Recorded data
--- START ---
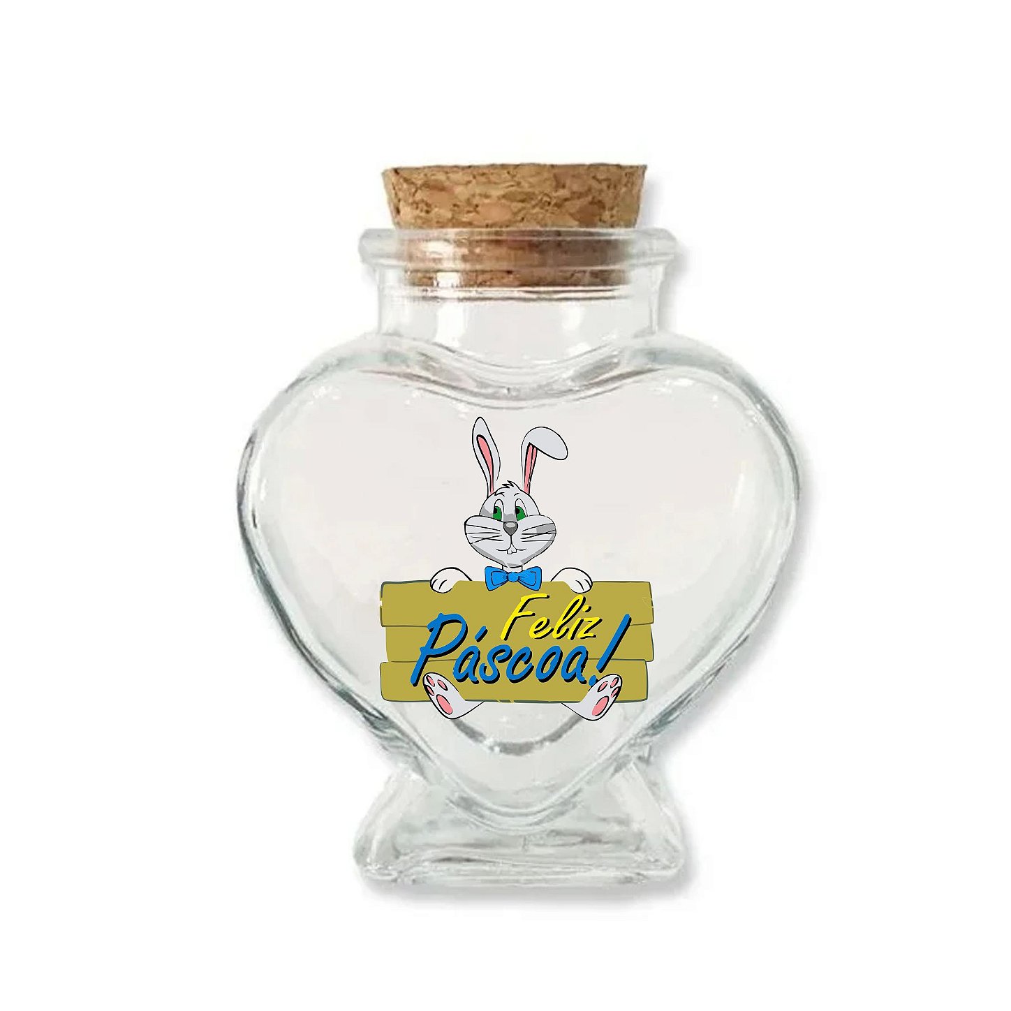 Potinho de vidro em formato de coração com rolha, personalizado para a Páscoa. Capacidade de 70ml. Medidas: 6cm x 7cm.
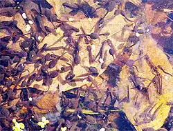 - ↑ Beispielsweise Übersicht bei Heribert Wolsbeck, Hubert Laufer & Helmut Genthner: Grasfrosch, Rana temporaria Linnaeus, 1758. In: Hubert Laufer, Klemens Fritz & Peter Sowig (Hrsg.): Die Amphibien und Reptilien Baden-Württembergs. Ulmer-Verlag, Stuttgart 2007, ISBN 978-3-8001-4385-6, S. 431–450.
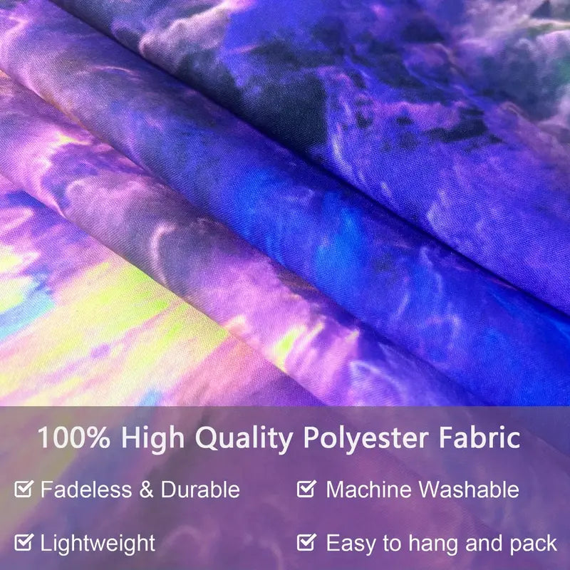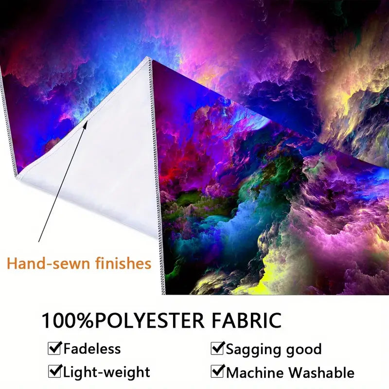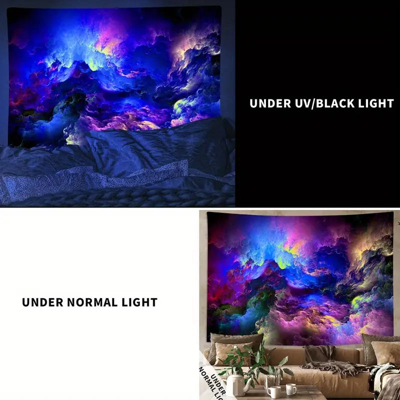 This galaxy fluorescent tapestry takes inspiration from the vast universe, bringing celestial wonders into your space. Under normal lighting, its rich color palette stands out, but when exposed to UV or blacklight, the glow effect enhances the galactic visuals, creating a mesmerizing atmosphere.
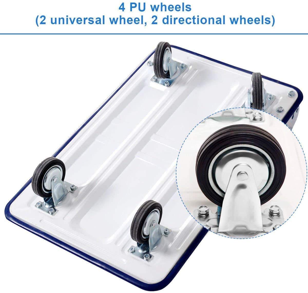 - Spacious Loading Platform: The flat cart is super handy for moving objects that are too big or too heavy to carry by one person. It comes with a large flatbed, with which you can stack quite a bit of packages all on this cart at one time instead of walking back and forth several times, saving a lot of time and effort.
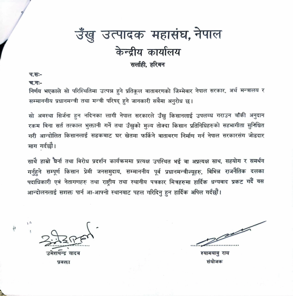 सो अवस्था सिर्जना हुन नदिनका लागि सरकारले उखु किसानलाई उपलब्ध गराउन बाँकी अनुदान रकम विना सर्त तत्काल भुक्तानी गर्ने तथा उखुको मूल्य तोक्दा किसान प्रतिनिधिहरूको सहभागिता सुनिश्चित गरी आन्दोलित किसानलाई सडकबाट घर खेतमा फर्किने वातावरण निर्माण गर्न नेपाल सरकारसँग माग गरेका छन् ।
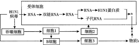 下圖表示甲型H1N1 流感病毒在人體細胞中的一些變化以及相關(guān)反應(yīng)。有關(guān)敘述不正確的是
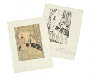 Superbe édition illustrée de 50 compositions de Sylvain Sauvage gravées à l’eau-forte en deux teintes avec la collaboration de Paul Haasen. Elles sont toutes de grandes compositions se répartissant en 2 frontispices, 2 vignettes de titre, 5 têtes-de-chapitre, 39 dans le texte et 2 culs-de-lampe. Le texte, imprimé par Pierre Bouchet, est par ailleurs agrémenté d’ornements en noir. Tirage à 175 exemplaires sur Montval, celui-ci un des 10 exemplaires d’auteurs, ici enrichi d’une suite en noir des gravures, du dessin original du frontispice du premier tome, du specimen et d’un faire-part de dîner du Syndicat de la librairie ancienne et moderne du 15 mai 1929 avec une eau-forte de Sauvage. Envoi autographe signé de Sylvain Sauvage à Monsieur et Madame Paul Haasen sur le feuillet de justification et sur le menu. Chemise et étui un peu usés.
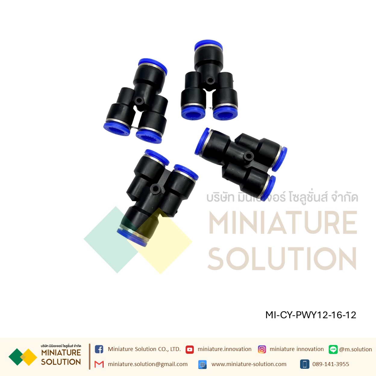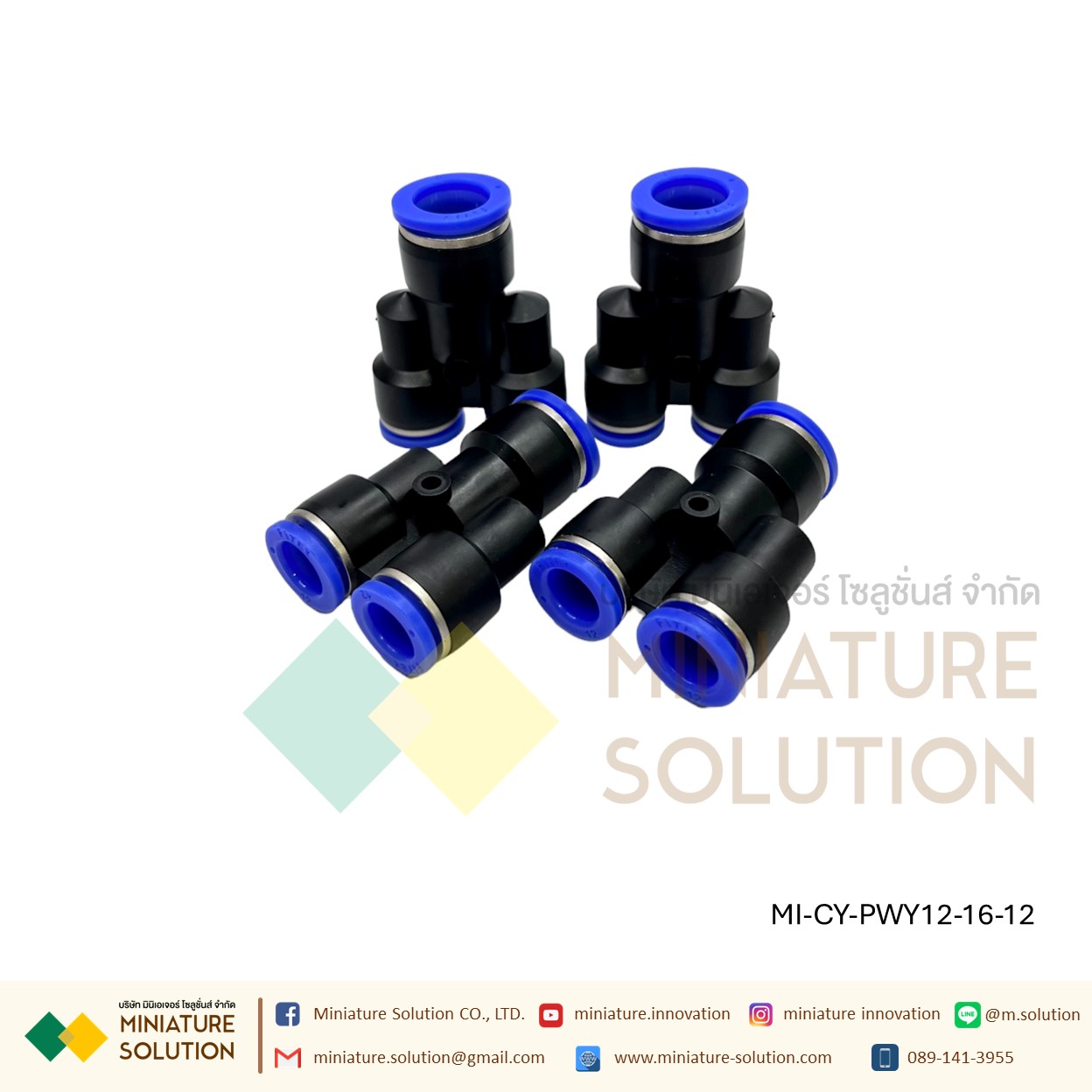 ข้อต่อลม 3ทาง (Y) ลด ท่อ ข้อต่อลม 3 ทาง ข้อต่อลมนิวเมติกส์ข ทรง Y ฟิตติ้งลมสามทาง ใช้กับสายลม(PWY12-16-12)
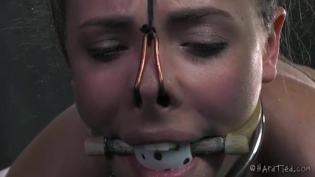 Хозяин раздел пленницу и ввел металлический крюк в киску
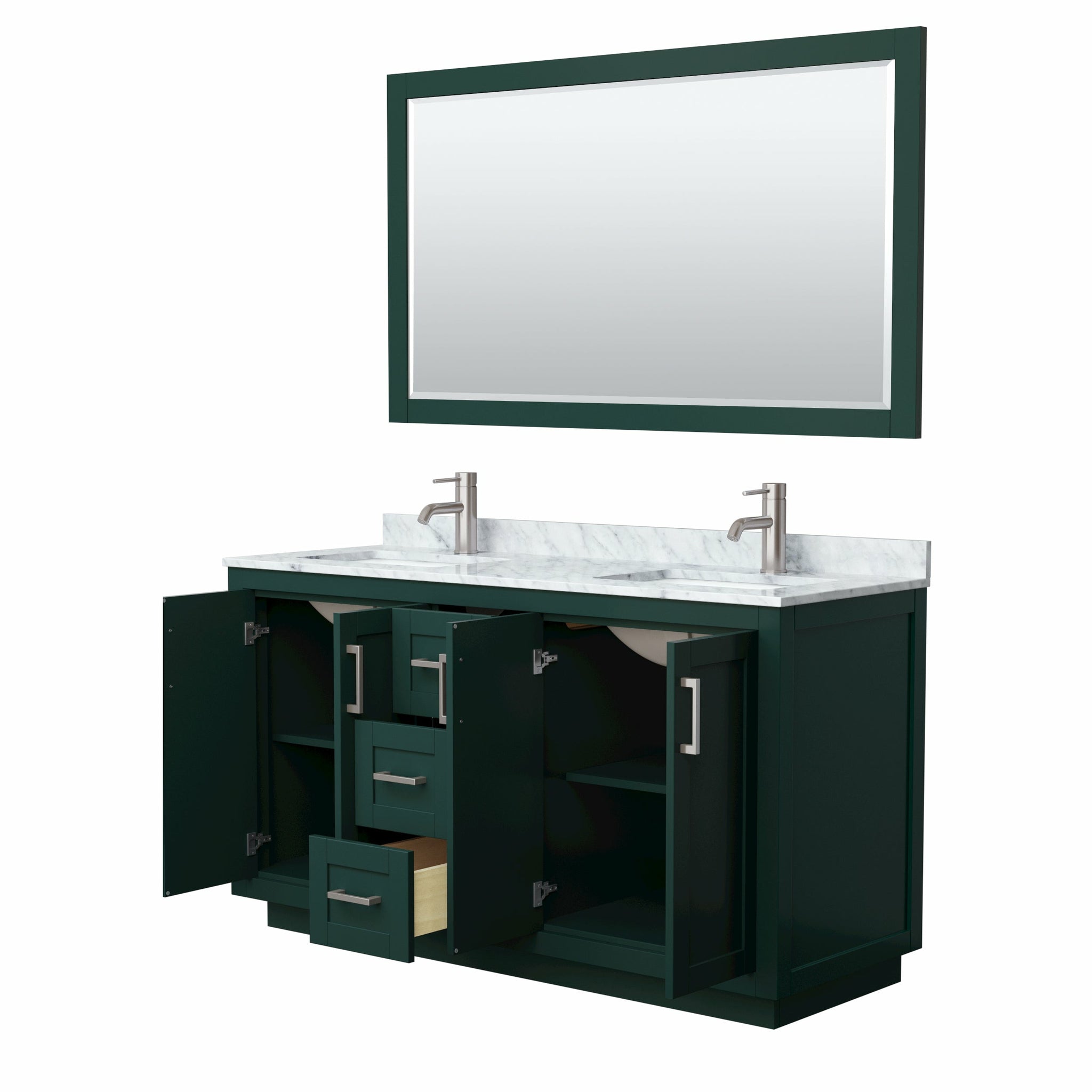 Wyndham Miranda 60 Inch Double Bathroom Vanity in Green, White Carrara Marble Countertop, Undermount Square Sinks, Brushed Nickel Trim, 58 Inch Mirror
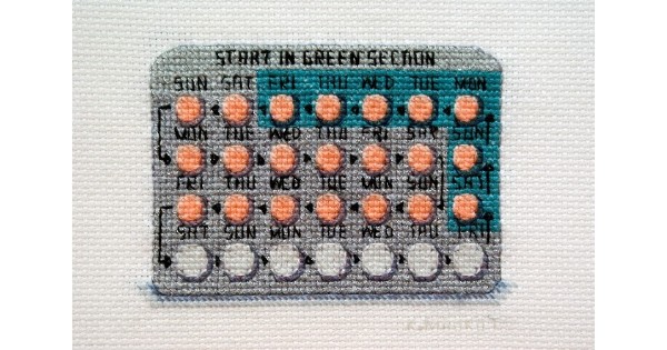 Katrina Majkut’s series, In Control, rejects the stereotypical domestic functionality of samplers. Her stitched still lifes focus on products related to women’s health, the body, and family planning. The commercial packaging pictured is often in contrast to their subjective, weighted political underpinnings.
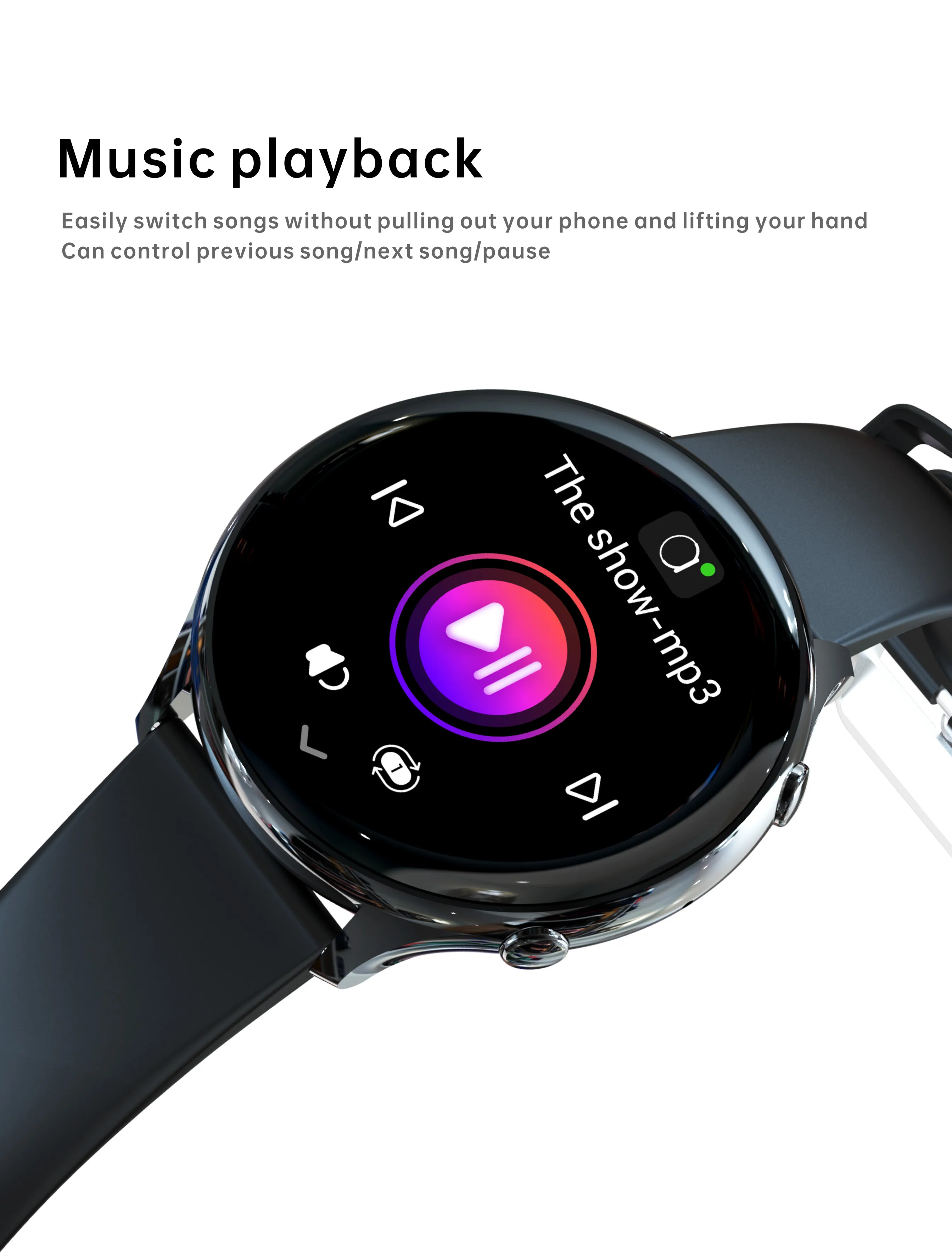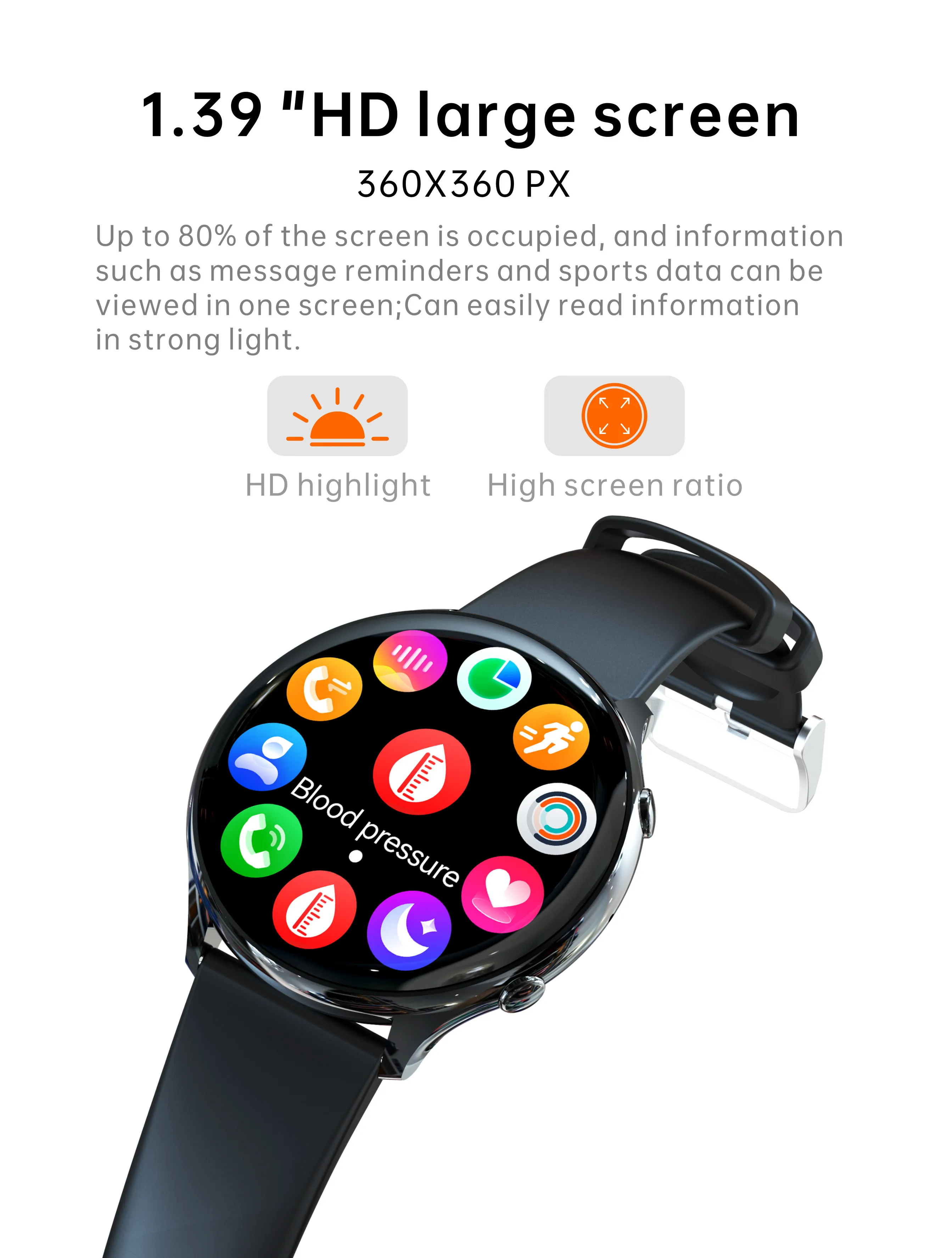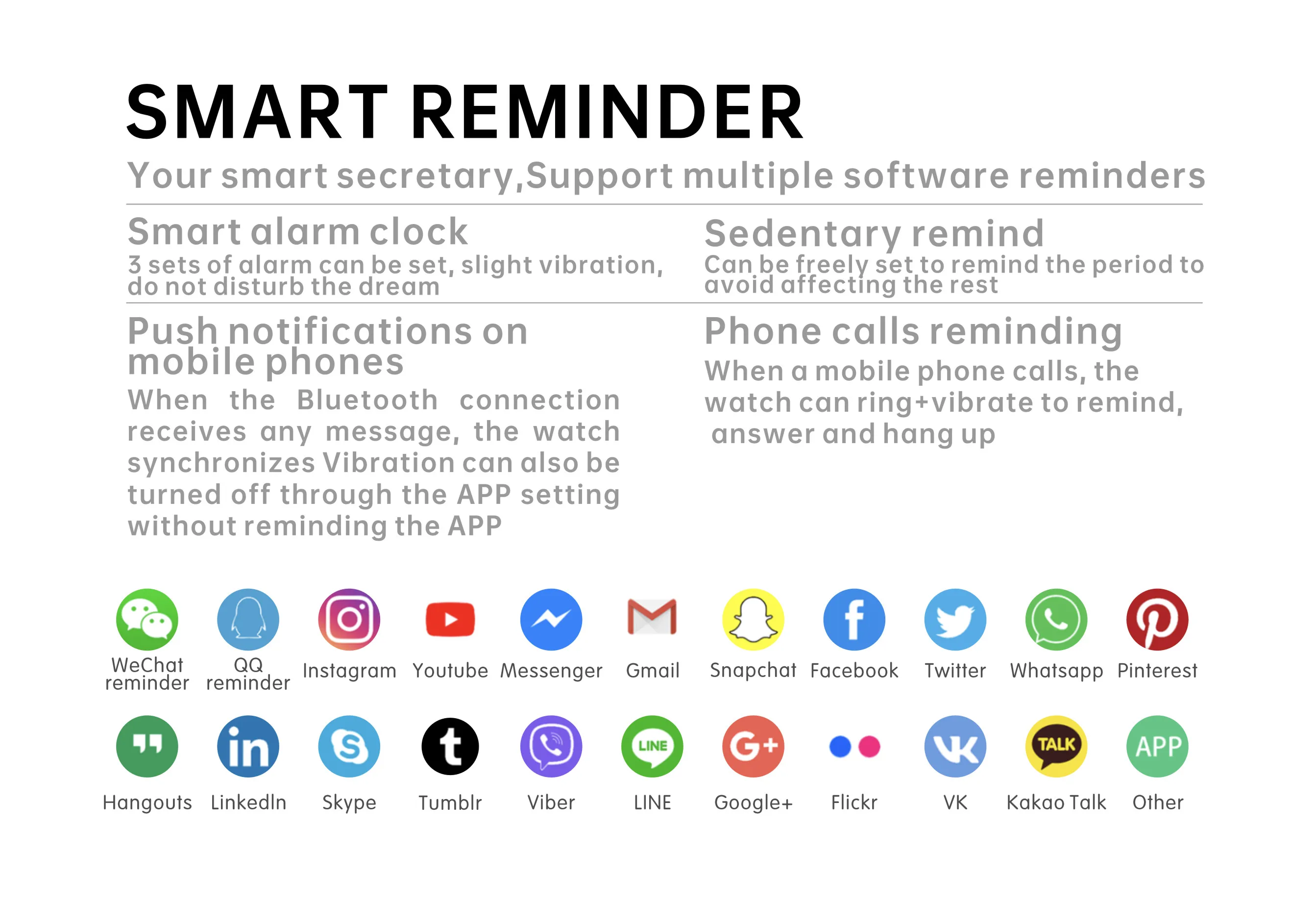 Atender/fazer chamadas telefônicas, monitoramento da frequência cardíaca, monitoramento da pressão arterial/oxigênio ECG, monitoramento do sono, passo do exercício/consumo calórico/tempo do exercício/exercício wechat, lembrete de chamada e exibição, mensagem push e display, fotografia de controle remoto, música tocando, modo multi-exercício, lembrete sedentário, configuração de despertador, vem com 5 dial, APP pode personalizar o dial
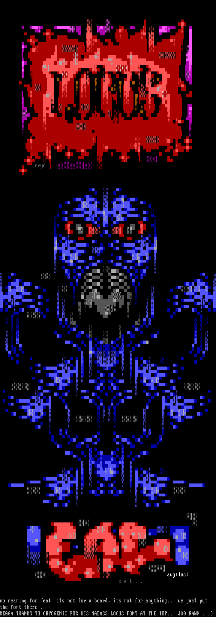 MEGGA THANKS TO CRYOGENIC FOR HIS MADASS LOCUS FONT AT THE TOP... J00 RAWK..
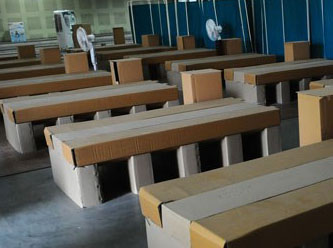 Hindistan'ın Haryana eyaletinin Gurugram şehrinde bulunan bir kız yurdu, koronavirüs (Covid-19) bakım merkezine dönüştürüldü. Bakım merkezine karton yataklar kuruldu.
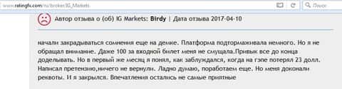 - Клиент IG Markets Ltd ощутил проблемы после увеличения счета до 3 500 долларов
--- END ---
Task instructions » Your answer should consist of the lines above between those holding "ข้อต่อลม 3ทาง (Y)" and "Wyndham Miranda 60", inclusive, reproduced word for word and without pictures.

Expected answer »
 ข้อต่อลม 3ทาง (Y) ลด ท่อ ข้อต่อลม 3 ทาง ข้อต่อลมนิวเมติกส์ข ทรง Y ฟิตติ้งลมสามทาง ใช้กับสายลม(PWY12-16-12)
 Хозяин раздел пленницу и ввел металлический крюк в киску
 Wyndham Miranda 60 Inch Double Bathroom Vanity in Green, White Carrara Marble Countertop, Undermount Square Sinks, Brushed Nickel Trim, 58 Inch Mirror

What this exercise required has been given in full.